Uma última palavra para o Conselho de Família em que se transformaram as reuniões do Conselho de Ministros. É claro que, com o PS no poder, nada disto é problemático para a maioria dos analistas políticos. É que incapacidade de contratar fora do aparelho partidário ou do círculo pessoal só se verifica, obviamente, com os incompetentes da Direita. Já o nepotismo não é uma questão de incompetência — é mesmo uma condição natural da Direita à qual a Esquerda se não é imune anda lá perto. Escrevia eu há umas semanas que a falta de pluralismo é um dos grandes problemas sociedade portuguesa — e é. Mas tenho de acrescentar os double standards (vulgo dois pesos e duas medidas) sobre as exigências divergentes que se fazem à esquerda e à direita. Imagine-se, por exemplo, que Bagão Félix (ministro da Segurança Social como Vieira da Silva) levava’ a sua filha para o Governo de Durão Barroso — ou que Teresa Leal Coelho era nomeada por Passos Coelho como ministra do seu Governo, ao mesmo tempo que o seu marido Francisco Menezes era ministro dos Negócios Estrangeiros? O que não diriam os bem pensantes da esquerda nacional? Algo que me diz que “nepotismo” era capaz de ser a acusação mais suave.
COMENTÁRIOS
Ze Europa: Perfeito Excelente análise, parabéns ao autor
Carlos Quartel: O PS. a sua direcção, a sua militância, são quem melhor representa a sociedade portuguesa, são mesmo a emanação do cidadão médio.  Pouca ou ausência de ética, chico-espertismo actuante, cunhas e compadrio quanto baste, primeiro eu e os outros que esperem.
Zero sentido do dever ou de serviço, o exercício do poder é visto como factor de promoção pessoal e os favores aos amigos vistos como coisa natural.
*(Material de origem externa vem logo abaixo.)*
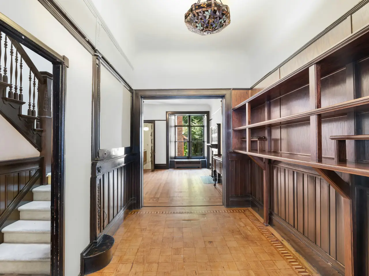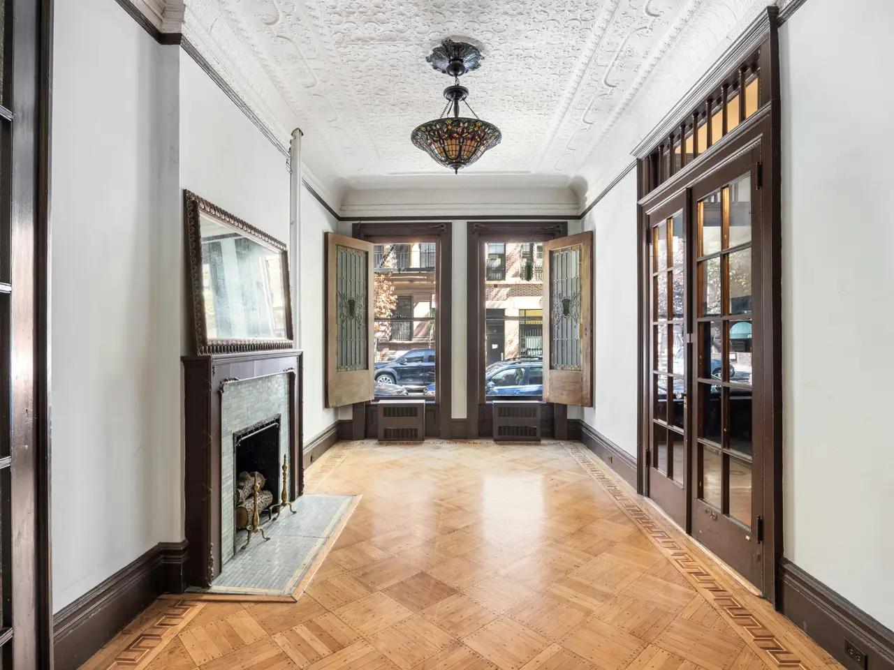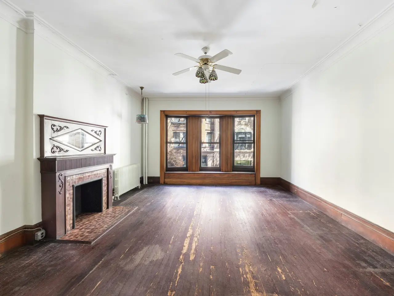 Tucked away on a quiet and pretty tree-lined block between West End Avenue and Riverside Drive, 324 West 85th Street is a rare and distinguished single-family townhouse rich in original architectural detail. This home has been owned by the same family since 1940 with only one previous owner. The property is in need of a complete renovation. One of six houses in a landmarked 1892 row designed by renowned architect Clarence True, this residence is a superb example of late 19th-century design. The stately north-facing facade of red sandstone, light orange Roman brick, and red pantile roof tiles is remarkably well preserved. The interior of this home is rich with historic charm and includes original details such as four fireplaces, inlaid wood floors, an oversized pocket door, intricate moldings, and rich wood paneling. Layout Overview: Parlor Floor: Enter through a paneled vestibule into a dramatic front parlor with soaring ceilings and exceptional natural light. The library and south facing rear living room are separated by a large original pocket door adjacent to a classic box stair that is illuminated by a large new skylight on the top floor. Past the rear living room is the expansive kitchen featuring original wooden cabinetry. A south-facing eat-in area overlooks the tranquil garden, creating many possibilities for a large chef's kitchen. Garden Level: Accessible from both the kitchen and its own under-stoop front entrance, this level includes two separate open areas and two separate entrances to the garden. There is a window at the front of the space facing the street and windows on the west side of the house. The south-facing garden is 570 square feet. Third Floor: Two full bedrooms with two bathrooms. Both bedrooms have original fireplaces. Fourth Floor: Two spacious bedrooms that share a full bathroom. Large skylight that brings sunlight down to the parlor floor.

Por isso por mais fogos  que haja, por mais comboios ou barcos no estaleiro, por mais ou menos listas de espera nos hospitais, com mais ou menos lençóis, por mais ou menos escolas e tribunais a esboroarem-se, há algo que se manem firme e imutável : As intenções de voto são sempre altas e vencedoras. Não havendo queixas sobre a legalidade das eleições, a conclusão é que é isto que os portugueses querem. Sejamos democratas ......
Assim Vamos: O PS não está ligado à corrupção por Socrates e Vara. Está no seu ADN desde o caso da Mala de Macau.